Friday, December 23, 2011

National Curriculum

Here is a table that comes from a National Curriculum broadsheet.  It contains some interesting insights.

The first is fractions and decimals finished at yr 6.  I haven't seen many year 10 classes confidently performing four operations on decimals or fractions without a calculator.

The second is that I haven't seen many students enter year eight with adequate algebra skils.

With the movement of year 7 to high school we can address some of these issues but it does not really address the core issue of the declining ability of primary to progress students through mathematics outcomes.

The national curriculum writers seem to acknowledge this issue here, "In comparison to the Singapore mathematics curriculum, the Foundation to Year 10 Australian Curriculum: Mathematics content is introduced more slowly in the early and primary years to ensure students have the opportunity to develop deep understanding before moving on.

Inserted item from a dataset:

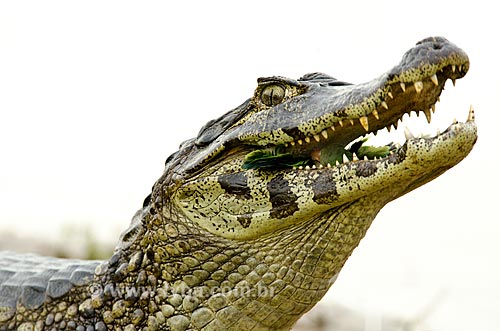 Jacaré-do-pantanal (caiman crocodilus yacare) - também conhecido como Jacaré-do-paraguai - comendo uma Caturrita (Myiopsitta monachus) - também conhecida como Catorra ou Cocota - no Estrada Parque Pantanal - Corumbá - Mato Grosso do Sul - Brasil

By Year 10, the conceptual difficulty is similar to that described in the Singapore documents."

The responsibility has been placed on secondary school to accelerate through the course.  This will have an negative impact on the second tier of students to be able to absorb the information in a developmentally appropriate method through upper school.  It seems we may be revisiting the forgotten middle.

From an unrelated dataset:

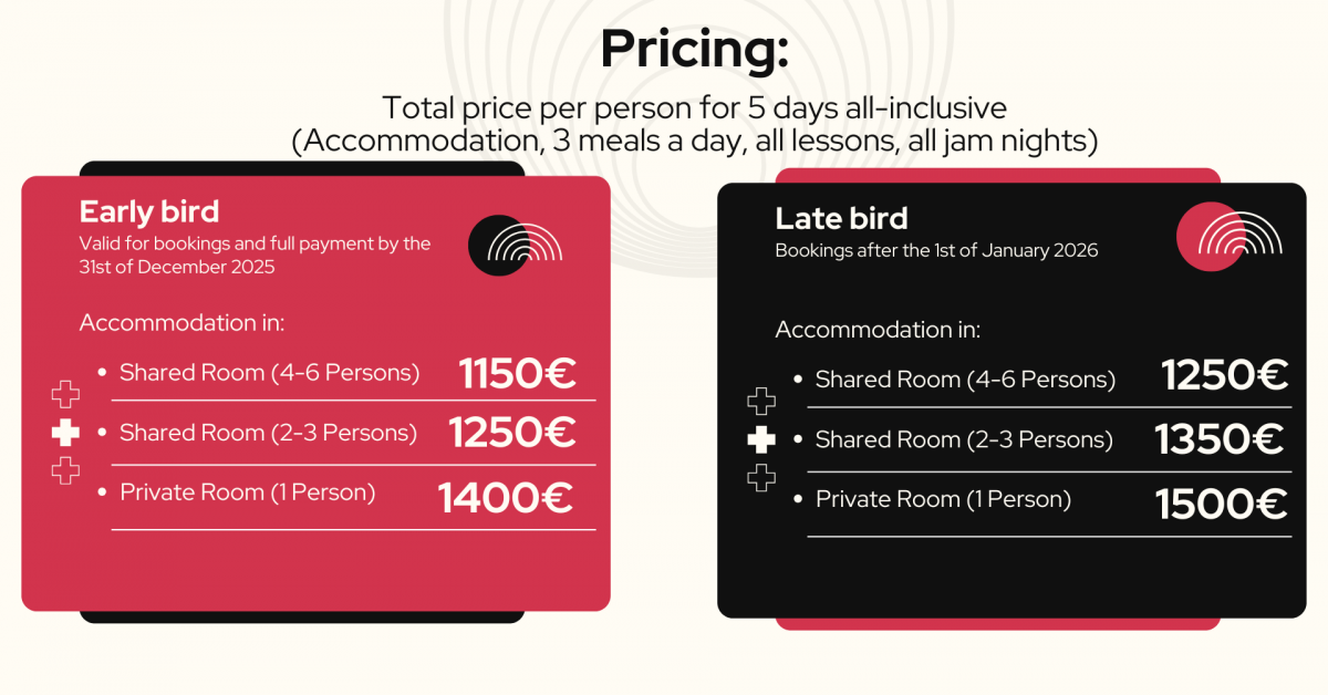 ✓ Unlimited participation at the night jams along with professional musicians

The issue of why students need extra consolidation in primary is probably more cultural than educational in origin.  With the loss of value and payoff of education in Australia, families are not supporting education in ways previously found.  With changes to compulsory education, the value of graduation has decreased as a workplace differentiator.  There are clear payoff changes exacerbated by the relatively high incomes available for manual labour related industries during mining years. Unless of a recent migrant group  - education is a social occupation.

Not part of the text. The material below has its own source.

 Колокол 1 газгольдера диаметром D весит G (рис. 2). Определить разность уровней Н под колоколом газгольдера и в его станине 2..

Two parent working families have not been able to make the commitment to assisting students reach their potential.  Sadly, even families making the commitment (to embed tables, assisting with homework, taking an active interest and are reading together regularly) are not gaining the benefit as the majority now lies on the other side of the divide.  It is going to take considerable commitment by the department to turn this around, I think the community has already given up.

(...and Mackenzie reminded me of something today.. writing anything legible listening to Yogabba gabba is near impossible - having distractions in class for those who concentrate singly (like me) must be exceedingly frustrating.)